*DATA FOR PROCESSING*.
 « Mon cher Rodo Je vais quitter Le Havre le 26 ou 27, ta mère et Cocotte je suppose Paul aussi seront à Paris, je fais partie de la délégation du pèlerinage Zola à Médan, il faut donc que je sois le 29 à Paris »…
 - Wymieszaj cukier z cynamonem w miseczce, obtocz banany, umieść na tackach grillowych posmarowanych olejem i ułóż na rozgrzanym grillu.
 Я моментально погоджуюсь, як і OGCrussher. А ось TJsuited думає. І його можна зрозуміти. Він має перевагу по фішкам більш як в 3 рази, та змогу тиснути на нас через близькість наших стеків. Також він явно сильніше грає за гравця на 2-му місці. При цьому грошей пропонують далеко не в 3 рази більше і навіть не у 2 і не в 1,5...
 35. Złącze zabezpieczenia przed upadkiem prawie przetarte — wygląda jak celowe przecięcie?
* * *
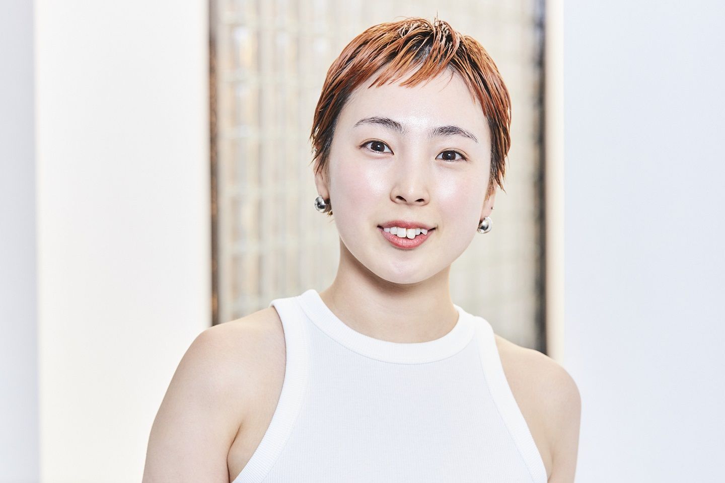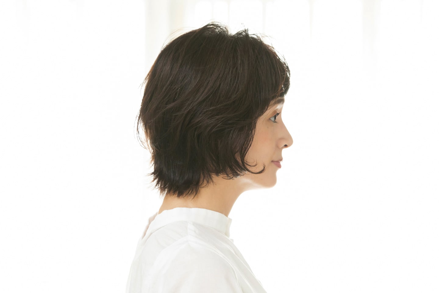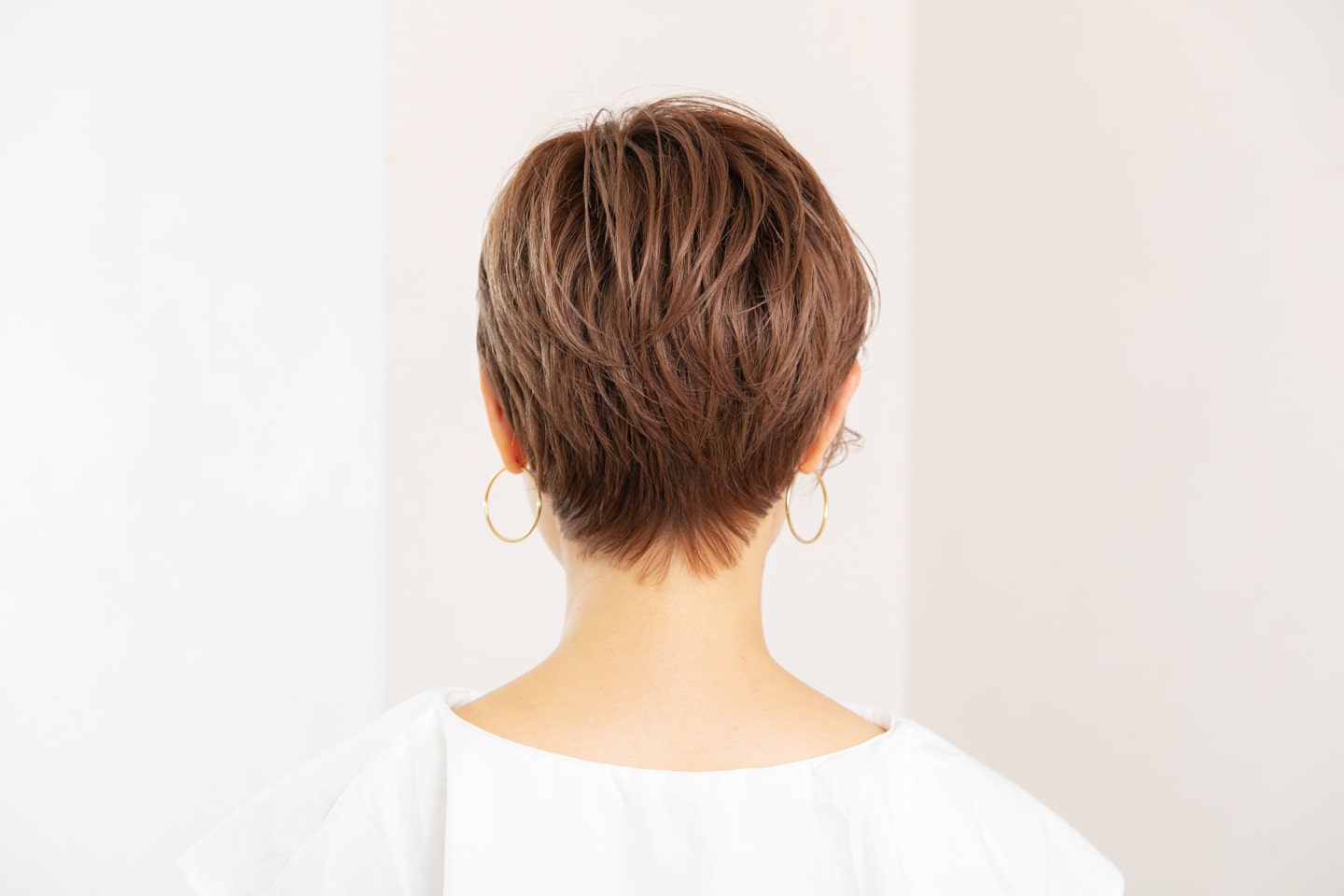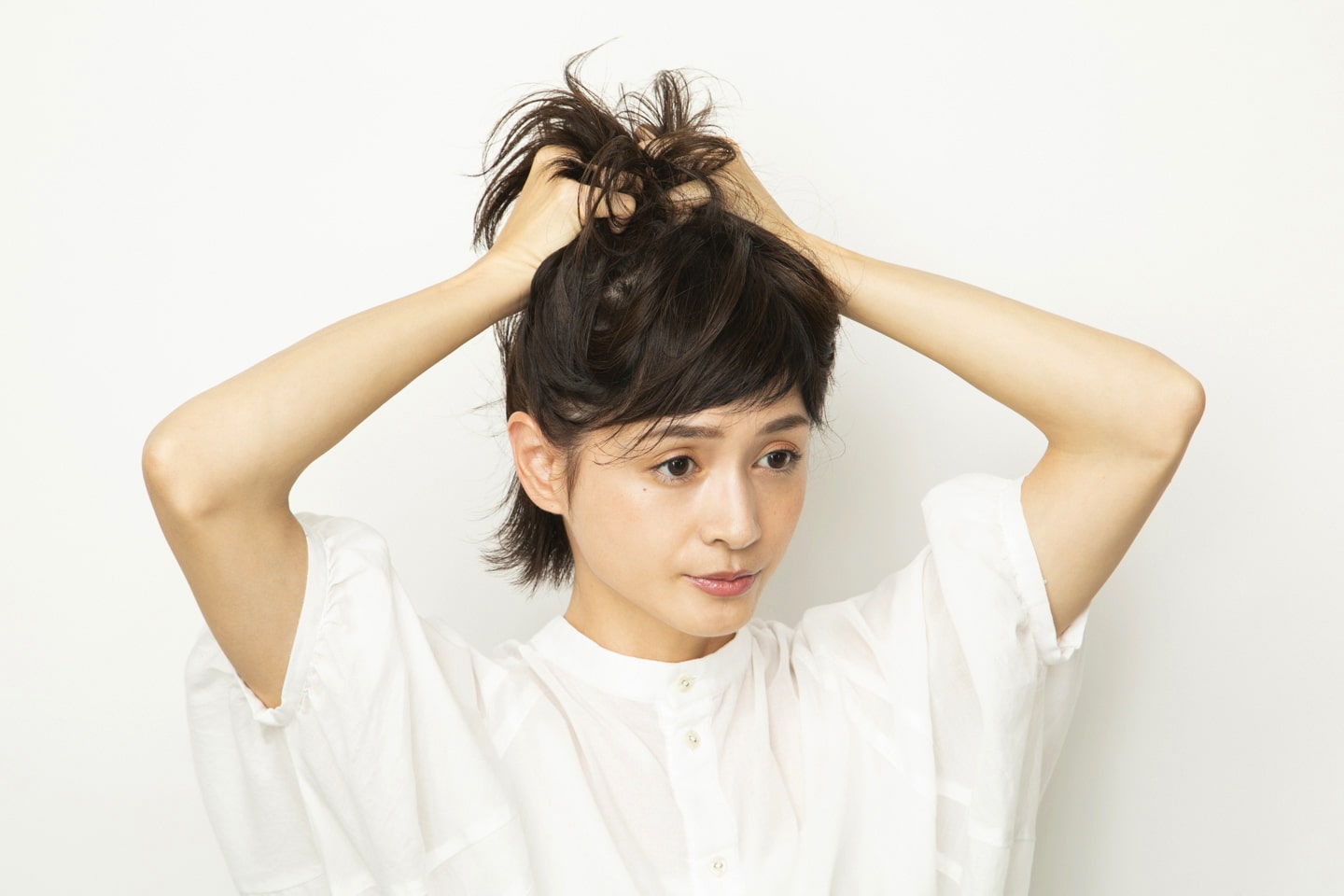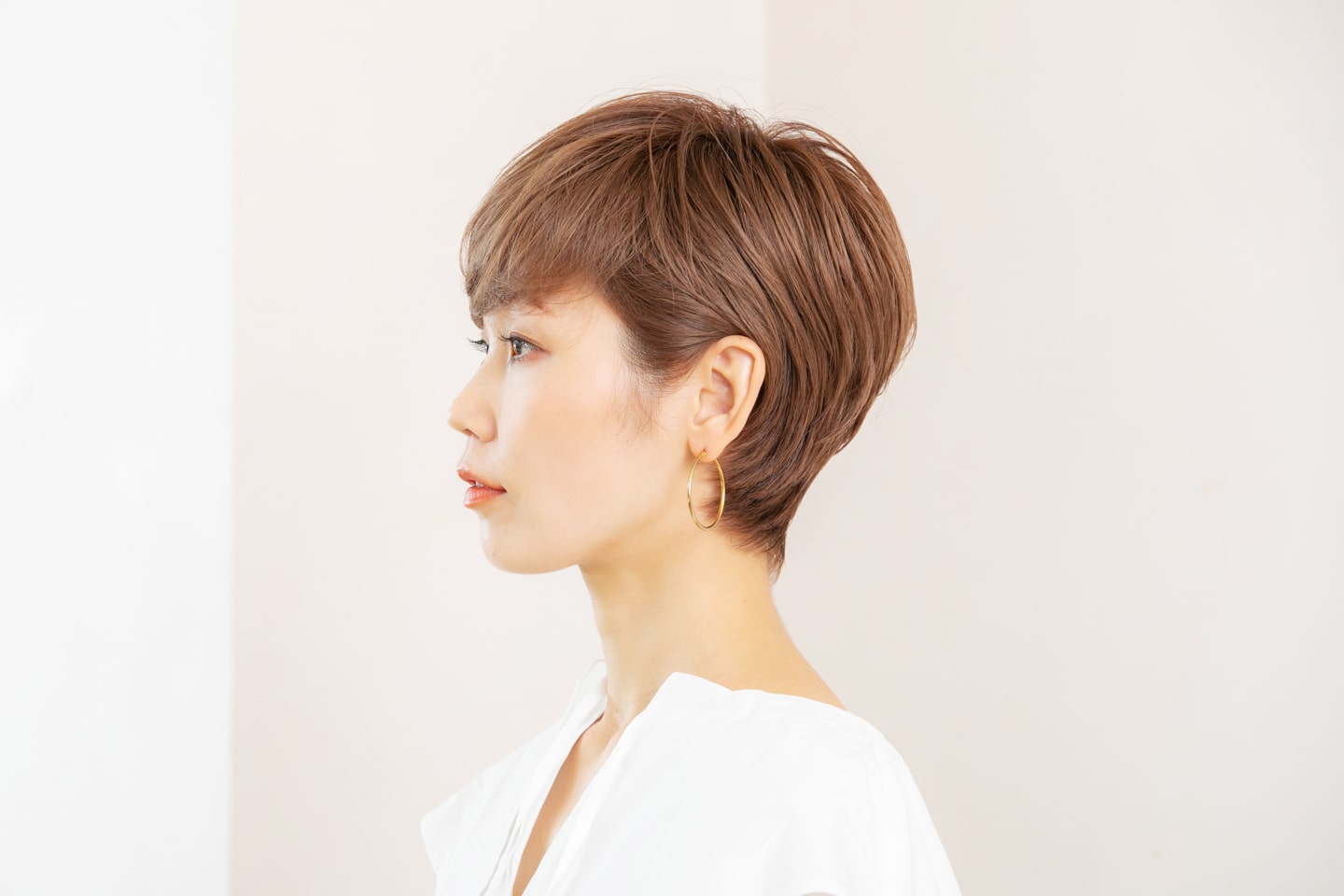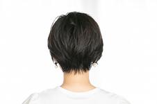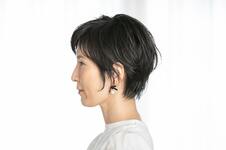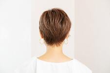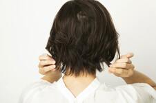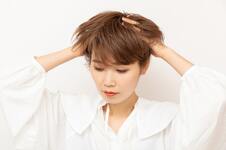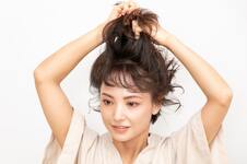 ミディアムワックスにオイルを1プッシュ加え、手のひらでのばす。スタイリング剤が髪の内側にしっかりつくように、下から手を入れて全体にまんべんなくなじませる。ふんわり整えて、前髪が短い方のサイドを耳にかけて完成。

*EXERCISE BRIEF*.
Reproduce exactly, and only, the part of the listing above that begins at the line with "Я моментально погоджуюсь, як" and goes on through the line with "35. Złącze zabezpieczenia".

*RESULT OF THIS EXERCISE*.
 Я моментально погоджуюсь, як і OGCrussher. А ось TJsuited думає. І його можна зрозуміти. Він має перевагу по фішкам більш як в 3 рази, та змогу тиснути на нас через близькість наших стеків. Також він явно сильніше грає за гравця на 2-му місці. При цьому грошей пропонують далеко не в 3 рази більше і навіть не у 2 і не в 1,5...
 35. Złącze zabezpieczenia przed upadkiem prawie przetarte — wygląda jak celowe przecięcie?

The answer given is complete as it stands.